Problem statement: From the entries provided below, copy each line that contains the word "holes".

(Beginning of Task inputs)

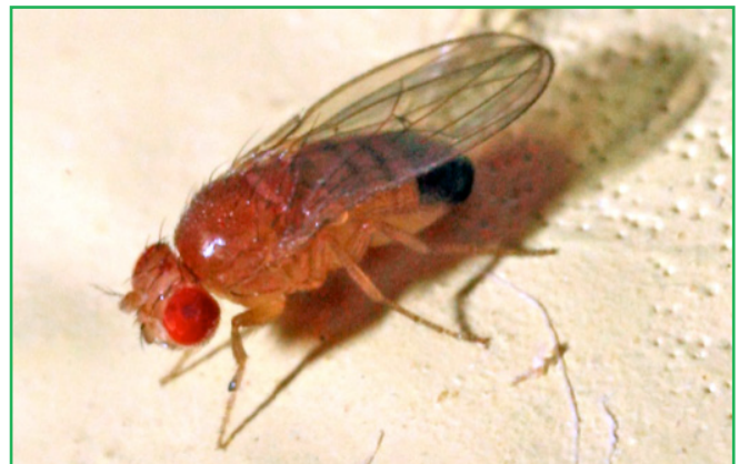
Figure 1. Fruit flies are one of the most well studied insects because of their usefulness in genetics research. Their stocky bodies and red eyes help distinguish fruit flies from other small indoor flies.

Fruit flies (Family Drosophilidae) are common indoors and out. Infestations are most frequent during the summer when fruit flies are active outdoors—
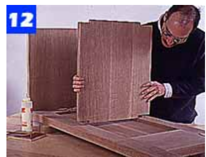
Apply glue to the slots, dowel holes, joining plates and dowels, then assemble the shelves to one case side.

To assemble the case, spread glue in the plate slots, dowel holes and on the dowels and plates, then join the shelves to one of the case sides ( Photo 12 ). Take care not to get any glue on the portion of the middle shelf that abuts the side panels. The panels must be free to expand and contract seasonally, and a glue bond will cause a panel to crack when this happens. With a helper, position the other side over the ends of the shelves, and then clamp the assembly. Compare opposite diagonal measurements on the case to check for square, then let the glue cure.
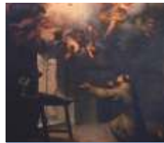
ST. ANTHONY'S CHAPEL Canvas of the vision of St. Anthony, B. E. Murillo, 17th CENTURY
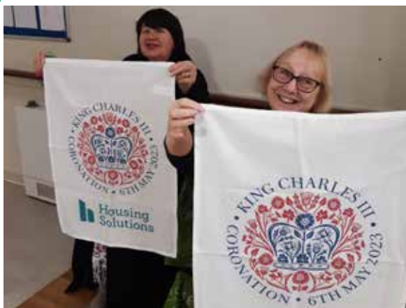
Commemorative tea towels
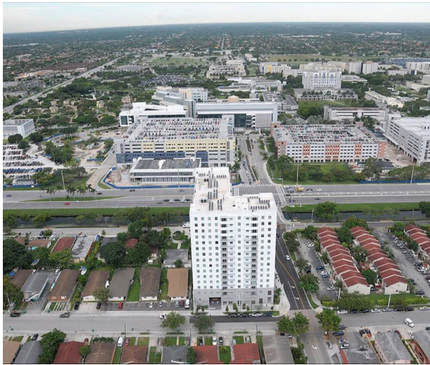
The Plaza I, Student Housing in Sweetwater, Florida

Ponciana Lakes Apartments 208 unit apartment complex Davie, Florida Construction Cost: $15,750,000.00 Client: Dayco Holding, Corp.
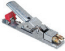
Blastmaster® 150P Remote Control Switch

With a Marco remote control switch, you can remotely activate and deactivate the abrasive blasting pot. All of our switches are OSHA compliant and provide a “fail-to-save” design. Choose a pneumatic or electric switch.
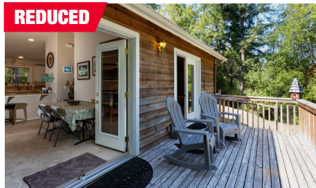
REDUCED CHARMING HOME NEAR TOWN $649,000 - LISTING ID 2279299
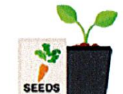
Seeds and plants for food

Michigan Grown Fresh Fruits and Vegetables
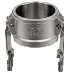
stainless steel AISI 316
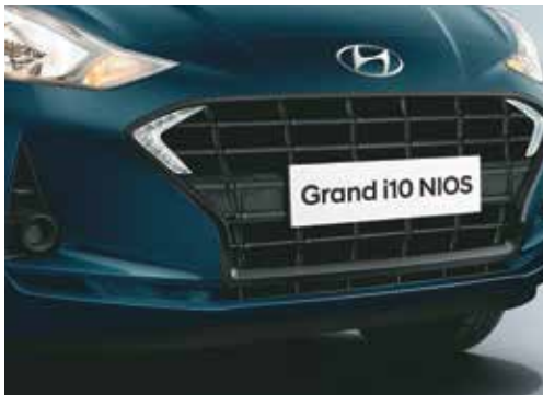
Glossy black radiator grille
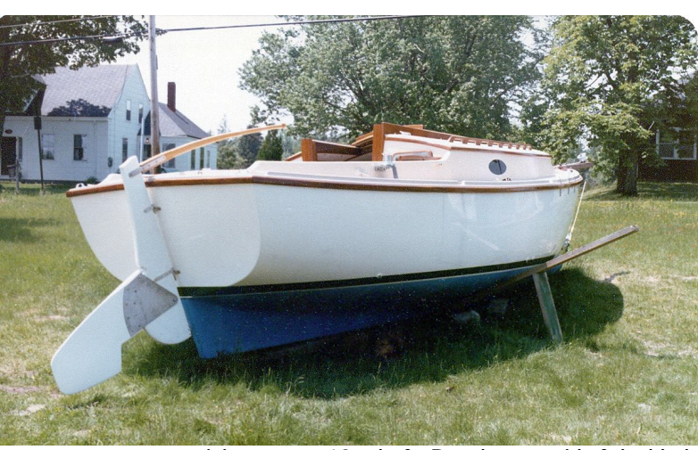
She was cute and fun to sail. The rudder swung up as you see, giving a mere 18" draft. But the centroid of the blade was so far from the pivot axis in this configuration that it was a bear to steer.
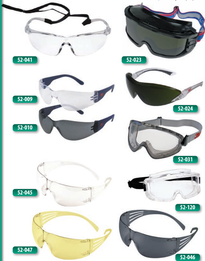
Safety (All prices in £ sterling ex.VAT)
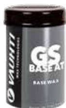
357-GSBA GS BASE AT ALL TEMP
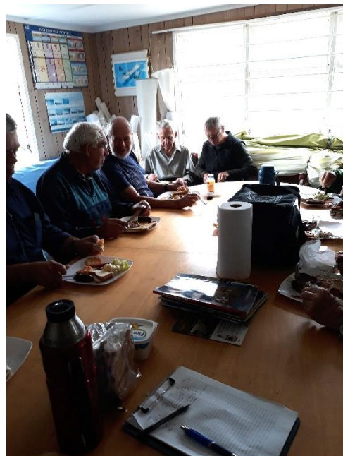
It's great to be back
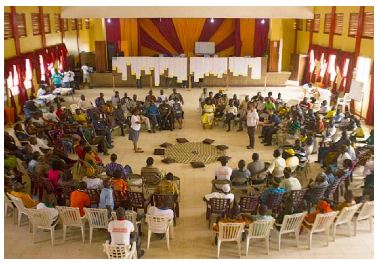
The OSC begins
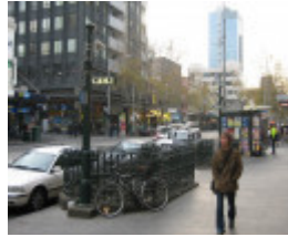
Underground men's toilet Elizabeth St GPO 08 06 06 mz 026
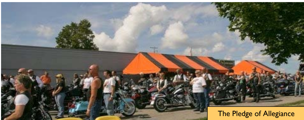
The Pledge of Allegiance

WEDNESDAY, AUGUST 2nd—MEET AT CLASSIC MOTOR SPORTS @ 6:15PM
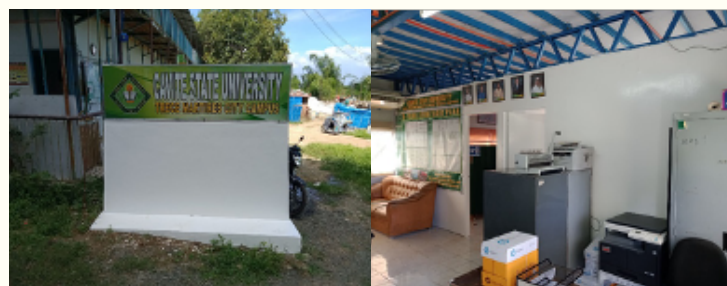
Construction of university marker and installation of double wall partition in CuSU-Trece Martires City Campus
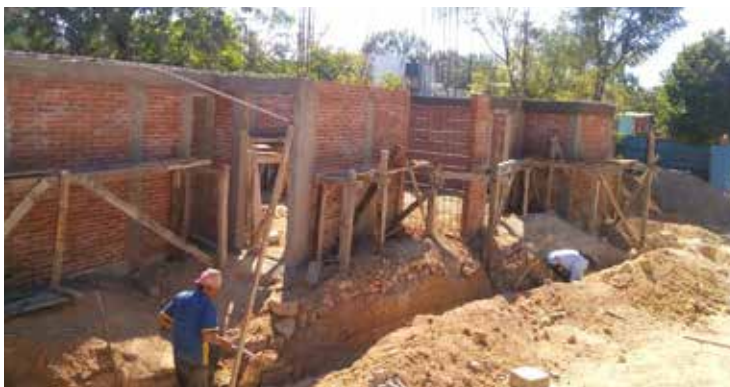
The first two rehearsal rooms will be ready in May!
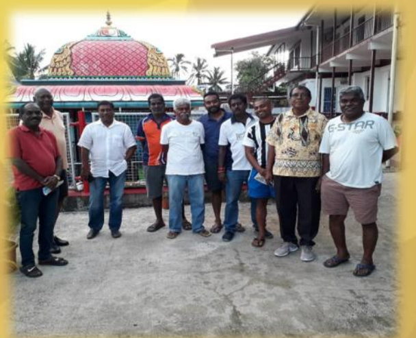
MEETING WITH SUVA TISI SANGAM ON 14th May, 2018.
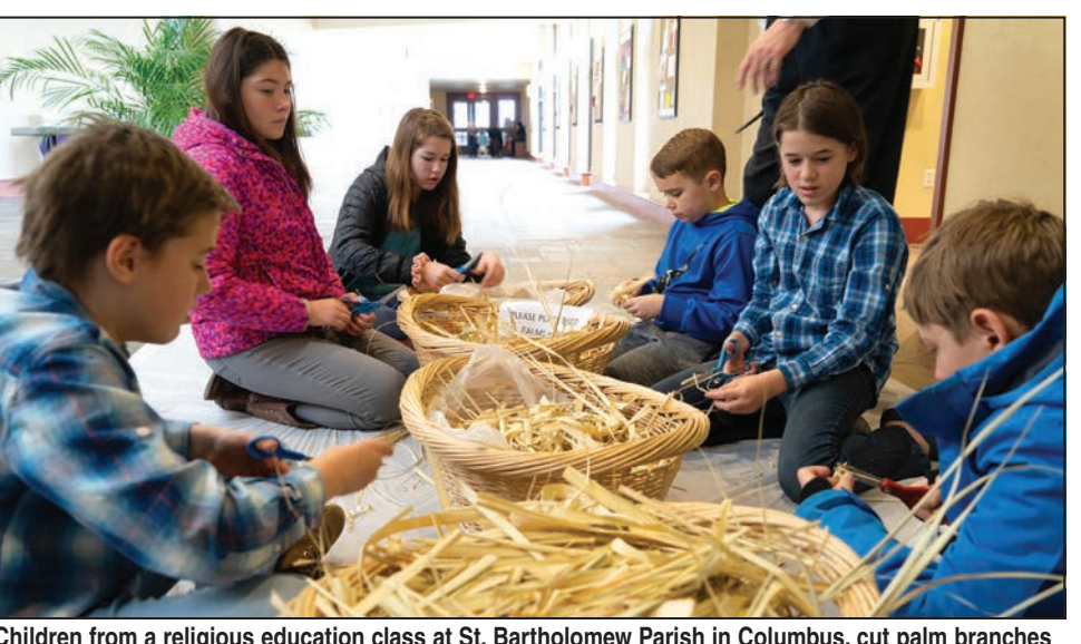
Children from a religious education class at St. Bartholomew Parish in Columbus, cut palm branches into smaller pieces more convenient for burning at the church on March 3. Church leaders involve children in their ash-making process to help them better understand Ash Wednesday.
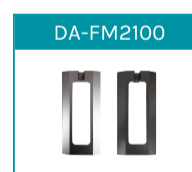
Intercom Flush Mount
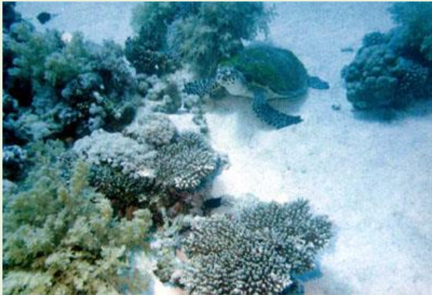
Nice corals with a turtle in the background
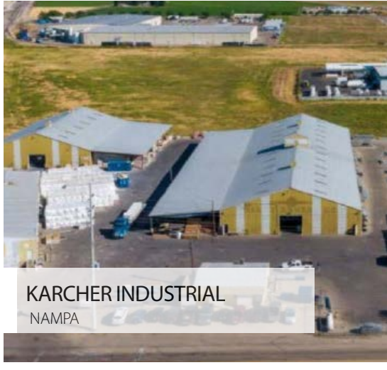
Buyer Representation 56,320 SF INDUSTRIAL

(End of Task inputs)

Response to the task:
Apply glue to the slots, dowel holes, joining plates and dowels, then assemble the shelves to one case side.
To assemble the case, spread glue in the plate slots, dowel holes and on the dowels and plates, then join the shelves to one of the case sides ( Photo 12 ). Take care not to get any glue on the portion of the middle shelf that abuts the side panels. The panels must be free to expand and contract seasonally, and a glue bond will cause a panel to crack when this happens. With a helper, position the other side over the ends of the shelves, and then clamp the assembly. Compare opposite diagonal measurements on the case to check for square, then let the glue cure.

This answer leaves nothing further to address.